• WORK INSTRUCTIONS: The entries that follow include a run beginning at the line with "Timeless Elegance. |" and ending at the line with "Moletom Felpado com"; restate that run word for word and leave the rest out.

==== SOURCE DATA

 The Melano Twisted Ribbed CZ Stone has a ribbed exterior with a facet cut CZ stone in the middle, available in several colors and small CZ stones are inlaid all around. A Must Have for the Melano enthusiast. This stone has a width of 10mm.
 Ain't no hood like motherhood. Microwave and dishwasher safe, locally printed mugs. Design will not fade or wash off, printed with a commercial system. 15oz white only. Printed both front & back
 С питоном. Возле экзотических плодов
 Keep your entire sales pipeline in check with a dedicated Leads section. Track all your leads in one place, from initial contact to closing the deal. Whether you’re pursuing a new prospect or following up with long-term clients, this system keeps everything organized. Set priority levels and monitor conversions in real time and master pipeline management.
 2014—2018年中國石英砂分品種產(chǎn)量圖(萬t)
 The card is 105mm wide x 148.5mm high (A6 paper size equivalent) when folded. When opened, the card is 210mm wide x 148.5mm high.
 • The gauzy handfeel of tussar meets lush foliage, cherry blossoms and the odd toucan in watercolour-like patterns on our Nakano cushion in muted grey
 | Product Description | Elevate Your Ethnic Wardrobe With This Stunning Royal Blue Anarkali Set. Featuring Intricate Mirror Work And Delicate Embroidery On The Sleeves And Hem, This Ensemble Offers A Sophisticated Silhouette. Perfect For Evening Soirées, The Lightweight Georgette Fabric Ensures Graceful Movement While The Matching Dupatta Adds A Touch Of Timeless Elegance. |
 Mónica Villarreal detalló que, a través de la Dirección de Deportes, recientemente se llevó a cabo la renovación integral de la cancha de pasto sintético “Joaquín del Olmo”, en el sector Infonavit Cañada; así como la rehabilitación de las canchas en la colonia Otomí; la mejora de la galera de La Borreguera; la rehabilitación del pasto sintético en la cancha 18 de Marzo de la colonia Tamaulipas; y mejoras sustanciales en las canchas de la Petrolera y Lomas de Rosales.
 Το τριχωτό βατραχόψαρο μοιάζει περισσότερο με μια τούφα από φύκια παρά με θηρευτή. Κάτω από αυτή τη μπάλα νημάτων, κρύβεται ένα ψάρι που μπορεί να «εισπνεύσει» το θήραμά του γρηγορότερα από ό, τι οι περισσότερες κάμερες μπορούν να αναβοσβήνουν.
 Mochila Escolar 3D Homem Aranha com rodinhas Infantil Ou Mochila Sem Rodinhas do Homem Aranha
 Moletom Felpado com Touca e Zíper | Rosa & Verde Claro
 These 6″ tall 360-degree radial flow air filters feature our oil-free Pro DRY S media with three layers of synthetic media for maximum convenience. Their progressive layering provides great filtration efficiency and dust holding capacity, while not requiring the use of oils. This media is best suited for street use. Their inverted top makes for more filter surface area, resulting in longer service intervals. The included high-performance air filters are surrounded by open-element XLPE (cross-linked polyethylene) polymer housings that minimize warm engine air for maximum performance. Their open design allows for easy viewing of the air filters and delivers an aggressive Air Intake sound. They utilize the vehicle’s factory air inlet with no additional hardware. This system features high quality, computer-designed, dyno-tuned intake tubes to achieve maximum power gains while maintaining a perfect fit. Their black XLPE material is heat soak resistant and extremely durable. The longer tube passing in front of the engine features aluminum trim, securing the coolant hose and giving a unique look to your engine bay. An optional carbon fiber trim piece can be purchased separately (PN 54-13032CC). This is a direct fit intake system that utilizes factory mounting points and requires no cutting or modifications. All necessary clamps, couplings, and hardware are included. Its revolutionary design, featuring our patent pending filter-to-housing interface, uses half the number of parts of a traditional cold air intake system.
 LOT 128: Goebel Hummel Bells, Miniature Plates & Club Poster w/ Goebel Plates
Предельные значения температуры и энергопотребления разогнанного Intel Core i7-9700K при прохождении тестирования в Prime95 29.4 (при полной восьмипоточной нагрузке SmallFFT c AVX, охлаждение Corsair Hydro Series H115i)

========

• YOUR RESPONSE:
 | Product Description | Elevate Your Ethnic Wardrobe With This Stunning Royal Blue Anarkali Set. Featuring Intricate Mirror Work And Delicate Embroidery On The Sleeves And Hem, This Ensemble Offers A Sophisticated Silhouette. Perfect For Evening Soirées, The Lightweight Georgette Fabric Ensures Graceful Movement While The Matching Dupatta Adds A Touch Of Timeless Elegance. |
 Mónica Villarreal detalló que, a través de la Dirección de Deportes, recientemente se llevó a cabo la renovación integral de la cancha de pasto sintético “Joaquín del Olmo”, en el sector Infonavit Cañada; así como la rehabilitación de las canchas en la colonia Otomí; la mejora de la galera de La Borreguera; la rehabilitación del pasto sintético en la cancha 18 de Marzo de la colonia Tamaulipas; y mejoras sustanciales en las canchas de la Petrolera y Lomas de Rosales.
 Το τριχωτό βατραχόψαρο μοιάζει περισσότερο με μια τούφα από φύκια παρά με θηρευτή. Κάτω από αυτή τη μπάλα νημάτων, κρύβεται ένα ψάρι που μπορεί να «εισπνεύσει» το θήραμά του γρηγορότερα από ό, τι οι περισσότερες κάμερες μπορούν να αναβοσβήνουν.
 Mochila Escolar 3D Homem Aranha com rodinhas Infantil Ou Mochila Sem Rodinhas do Homem Aranha
 Moletom Felpado com Touca e Zíper | Rosa & Verde Claro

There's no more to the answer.